Timothy Hutton plays Christopher Boyce and a highly unrecognizable Sean Penn plays Daulton, both California kids from well-to-do families and former altar boys. Boyce chose a vocation with the ministry and then opted out, though the reasons remain unclear. He goes out in the wilderness and sends his pet falcon to fly around catching birds. Daulton is a mess, a nervous wreck of a kid who goes out on drug deals in Mexico and does nothing else worthwhile in his life. Both of these 22-year-olds live with their parents and are best friends. Boyce's father is a retired FBI agent (fabulously played by Pat Hingle) and gets his son a job at RTX, a defense contractor in a separate, cryptic (in every sense of the word) section called the Black Vault. This is a secretive room within the building's confines that employs a Vietnam Vet (Dorian Harewood) and a flirty, engaging woman (Mady Kaplan) as they monitor CIA cables being sent and addressed to NSA regarding world affairs. Boyce can't stop himself from reading these cables and finds there is a wide U.S. surveillance using intricate satellite systems, specifically zoning in on Australia with regards to the prime minister. Clearly a lot of these cables are not meant for mainstream news thanks to national security.
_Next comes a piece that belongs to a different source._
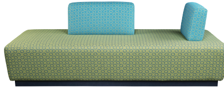
RE86 - Chaise Lounge

"The Falcon and the Snowman" is based on Robert Lindsay's novel and is exceedingly good, spine-tingling filmmaking. It has nerve, poise and an attitude about spying as a generally slow-moving, intricate and dangerous process. Hutton's Boyce decides it is a good idea to sell some secret documents and codes to a Russian embassy in Mexico. Guess who the courier is? Why none other than Penn's Daulton who at first scoffs at the idea of selling top secret documents to an embassy for a then-Soviet Communist country. "I am a patriot...and proud of it," says Daulton. Daulton seems to have no political ideals though he is aware of dire political situations in the past, like the socialist Allende elected to Chile's government. Paranoid Daulton does it for the money, while Boyce is doing it out of some far-reaching idealism I couldn't quite fathom. His eyes are opened to the NSA's practices of trying to influence elections and foreign governments by spying on them. This is what Boyce can't get a grip on and somehow feels he has to let the embassy know they are watched. The boys are complete amateurs and yet, as voiced by David Suchet as Alex, a KGB agent, "the minute you took money, you became a professional."
While watching "The Falcon and the Snowman," one becomes aware how these two professionals are anything but. Boyce just has to tell Daulton about the secret inner workings of our government. Daulton often lets the cat out of the bag to women friends and even to his own disbelieving family! Daulton also makes himself a prime target to the Russians by waltzing in to the embassy, sometimes climbing the wall to get in (who knew it could be that easy). That's what makes this movie potent and fully charged in its energetic storytelling - these are just kids who eventually realize they are playing with fire and it will lead to their inevitable downfall. Hutton shows the sullenness of Boyce - he's smarter and alert to what he's doing and to whom yet there is a fundamental loss of understanding I had about him. Is it really ideals or does he realize during this late 1970's period of Nixon and Watergate and Vietnam that disillusionment has settled in and he has nothing to lose? With Penn's Daulton, he just becomes a coked-up freak who is imbecilic and suffers pain and torture in the process before being arrested by the FBI. Despite becoming professional spies, they are still amateurs.